Instructions to follow:
Please reproduce the lines from the one containing "Outdoor living is" through the end of the data below exactly as they stand, and omit all pictures.

Stored data:
=== Begin Enclosure ===

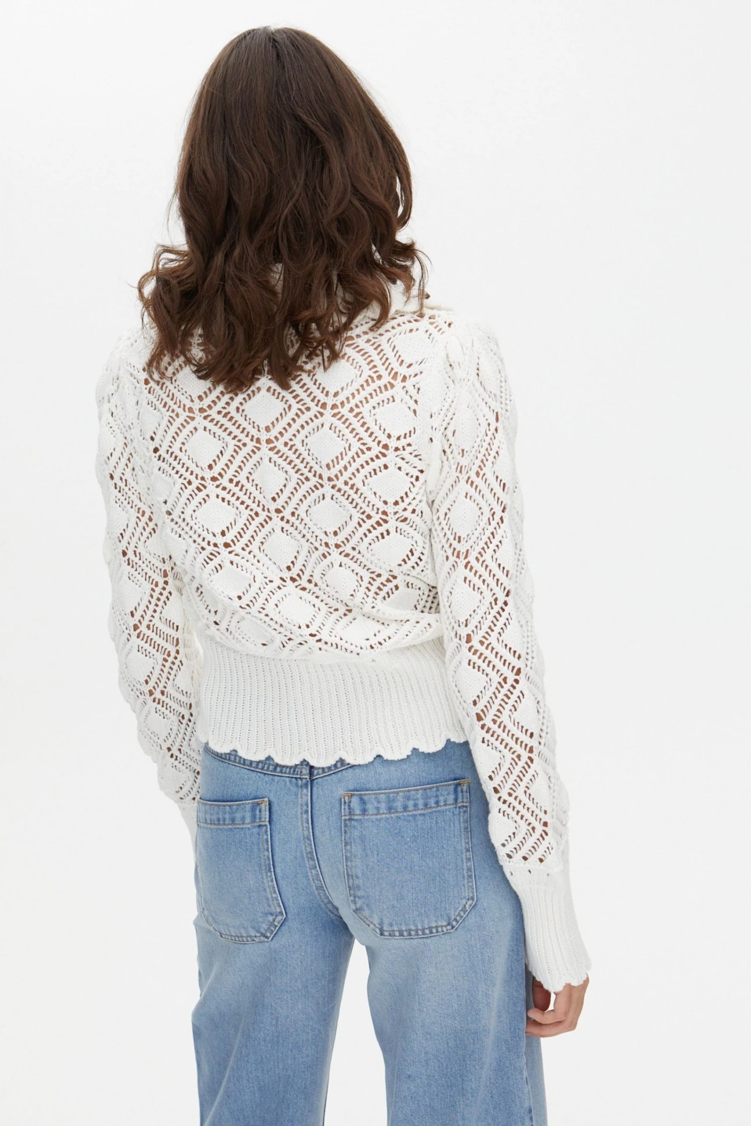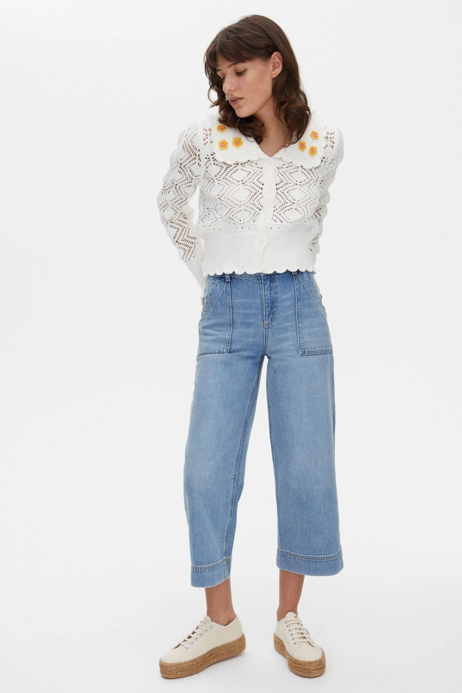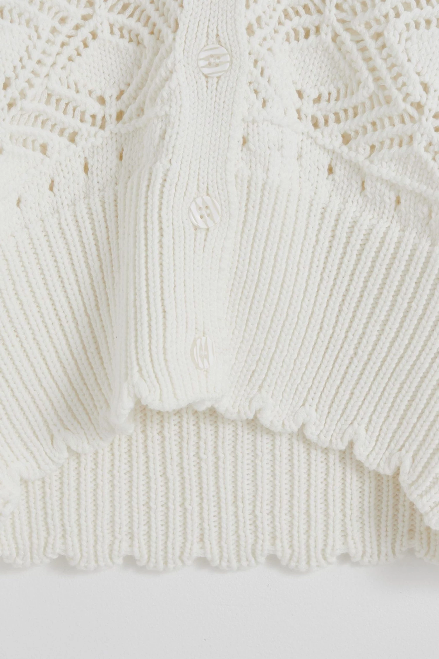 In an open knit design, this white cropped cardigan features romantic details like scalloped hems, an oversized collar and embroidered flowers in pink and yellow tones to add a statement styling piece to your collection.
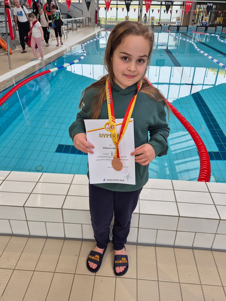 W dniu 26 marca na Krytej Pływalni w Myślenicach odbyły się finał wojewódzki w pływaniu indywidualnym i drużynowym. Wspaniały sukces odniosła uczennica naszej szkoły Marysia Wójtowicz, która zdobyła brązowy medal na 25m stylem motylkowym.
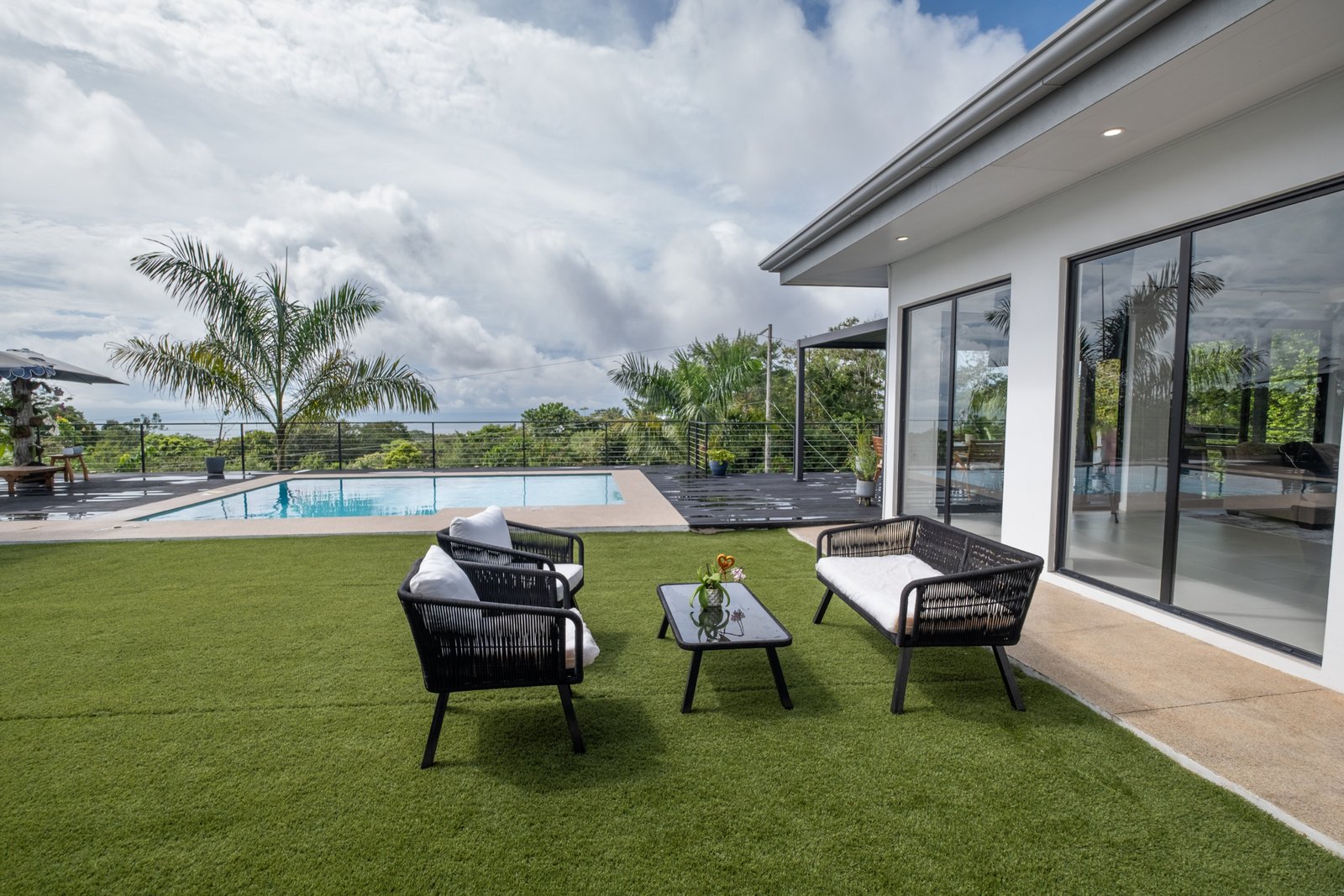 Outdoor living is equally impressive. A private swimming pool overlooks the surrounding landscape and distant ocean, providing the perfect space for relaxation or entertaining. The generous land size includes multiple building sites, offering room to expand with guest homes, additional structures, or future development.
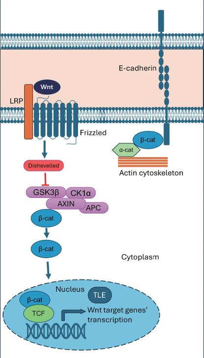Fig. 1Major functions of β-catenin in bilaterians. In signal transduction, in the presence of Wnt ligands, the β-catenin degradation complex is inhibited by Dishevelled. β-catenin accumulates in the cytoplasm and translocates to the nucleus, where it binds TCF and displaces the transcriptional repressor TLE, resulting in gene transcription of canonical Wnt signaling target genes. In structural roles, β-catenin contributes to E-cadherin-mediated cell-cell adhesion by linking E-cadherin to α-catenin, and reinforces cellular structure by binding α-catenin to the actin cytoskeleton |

=== End Enclosure ===

Exercise answer:
 Outdoor living is equally impressive. A private swimming pool overlooks the surrounding landscape and distant ocean, providing the perfect space for relaxation or entertaining. The generous land size includes multiple building sites, offering room to expand with guest homes, additional structures, or future development.
Fig. 1Major functions of β-catenin in bilaterians. In signal transduction, in the presence of Wnt ligands, the β-catenin degradation complex is inhibited by Dishevelled. β-catenin accumulates in the cytoplasm and translocates to the nucleus, where it binds TCF and displaces the transcriptional repressor TLE, resulting in gene transcription of canonical Wnt signaling target genes. In structural roles, β-catenin contributes to E-cadherin-mediated cell-cell adhesion by linking E-cadherin to α-catenin, and reinforces cellular structure by binding α-catenin to the actin cytoskeleton |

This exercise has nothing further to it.